Le prologue se situe en Afrique du Sud, en 1918. Trois jeunes gens, tous Boers, c'est-à-dire descendants des premiers Hollandais colonisateurs de l'Afrique du Sud, se retrouvent dans un bar de Johannesgourg.
Ils décident de frapper un grand coup pour que les Boers retrouvent leur place prépondérante dans le pays, qu'ils ont perdue avec l'arrivée des Anglais, et la guerre qui y fit suite, et qu'ils ont perdue.

Puis on est à Ystadt, en Suède, pour le premier chapitre...Nous retrouvons l'inspecteur Wallander, aux prises avec une enquête difficile, où une femme sans histoire a disparue, sans laisser de traces. Après des recherches longues et décourageantes, une équipe de policiers la retrouve dans un puits, en pleine campagne, non loin d'une ferme incendiée récemment.
Près du puits, un doigt gît par terre...un doigt NOIR !
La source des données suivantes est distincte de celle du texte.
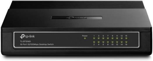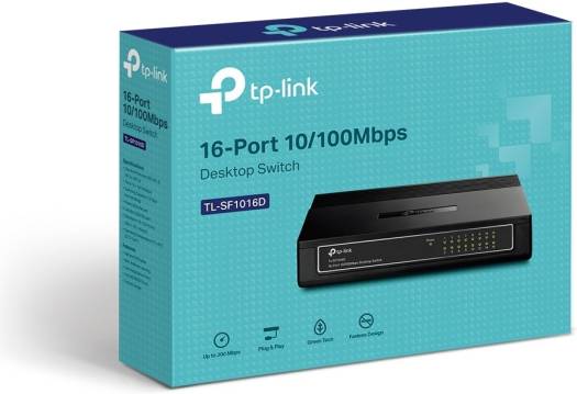 16 10/100Mbps Auto-Negotiation RJ45 ports, Supports Auto MDI / MDIX Green Ethernet technology saves power consumption IEEE 802.3x flow control provides reliable data transfer Plastic case, desktop or wall-mounting design Plug and play, no configuration required What This Product Does The TL-SF1016D Fast Ethernet Switch is designed for SOHO (Small Office/Home Office) or workgroup users. All 16 ports support auto MDI/MDIX, no need to worry about the cable type, simply plug and play. Moreover, with the innovative energy-efficient technology, the TL-SF1016D can save on power consumption and most of the packaging material can be recycled, making it an eco-friendly solution for your business network. High Performance TL-SF1016D Fast Ethernet Switch provides 16 10/100Mbps Auto-Negotiation RJ45 ports. All ports support Auto MDI/MDIX function, eliminating the need for crossover cables or dedicated uplink ports. IEEE 802.3x flow control for full-duplex mode and backpressure for half-duplex mode manage the tr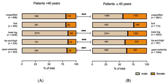 Number and % of total of compartment syndromes categorized by localization (foot, upper extremity, hip and thigh, lower leg, or unspecified location) and age of patients ((A): <40 years; (B): ≥40 years). χ2-test; *** p < 0.001.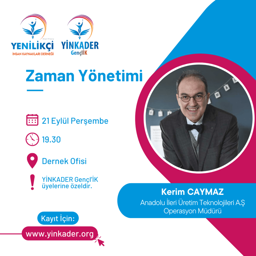 Merhaba değerli GençlİK üyeleri! Dernek Ofisimizde, 21 Eylül’de saat 19:30’da, Anadolu İleri Üretim Teknolojileri A.Ş. Operasyon Müdürü Sayın Kerim Caymaz Bey’in vereceği “Zaman Yönetimi” eğitimine davetlisiniz!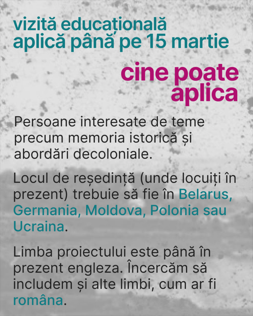Căutăm participanți interesați de temele legate de memoria colectivă și abordările decoloniale. Locul de reședință (unde locuiți în prezent) trebuie să fie în una dintre țările partenere finanțate: Belarus, Germania, Moldova, Polonia sau Ucraina. Este important de menționat că acest proiect se opune ferm naționalismului și promovează dialogul. Vă rugăm să țineți cont de acest lucru atunci când aplicați.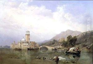 Stanfield's transition from theatre to canvas was seamless, thanks to his mastery over atmospheric effects and detailed observation, honed during his years as a scenic designer. He became a prominent member of the Royal Academy, elected as an Associate in 1832 and a Royal Academician in 1835, affirming his status as a leading artist of his time. His works often depicted scenes from his travels, including the rugged coasts of the British Isles, the bustling ports of the Mediterranean, and the historic landscapes of Europe. Stanfield was particularly noted for his ability to capture the changing moods of the sea and sky, earning him the admiration of both critics and the public.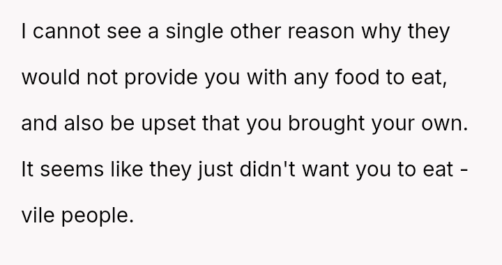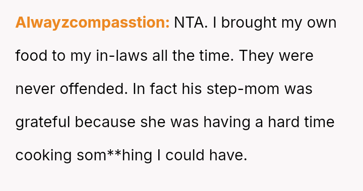 The OP prioritized their severe health safety by bringing their own meal, which was interpreted by the family as a lack of trust or an intentional slight.

Que fait un doigt noir coupé dans une cour de ferme en Suède ?

Wallander va enquêter, longuement, et en parallèle nous allons suivre un pan de l'hisoire de l'Afrique du Sud juste après la libération de Nelson Mandella.

Ce roman est passionnant, et on y retrouve la fascination et l'amour que Mankell éprouve pour ce continent mystérieux où il vit la majeure partie de l'année.
Ce Mankell me conforte s'il en était besoin dans mon goût immodéré pour cet auteur.

Odile

samedi 2 octobre 2010

OURAGAN de Laurent GAUDE

D'abord, il y a la couverture...un profil magnifique de femme noire, les cheveux comme soufflés vers l'arrière par un vent puissant, le visage serein, les yeux fermés...

Puis, il y a Josephine Linc. Steelson, négresse depuis presque cent ans...Se levant un matin comme d'habitude, elle "sent" la chienne arriver, une tempête d'une violence jamais vue en Louisiane.

Il y a Keanu, fonçant dans sa voiture en direction de La Nouvelle Orléans, alors que tout le monde se précipite en sens inverse, pour la quitter après l'annonce de l'ouragan.

Il y a Rose, qui ressort du tribunal sans pension pour son enfant, au grand soulagement du père de celui-ci.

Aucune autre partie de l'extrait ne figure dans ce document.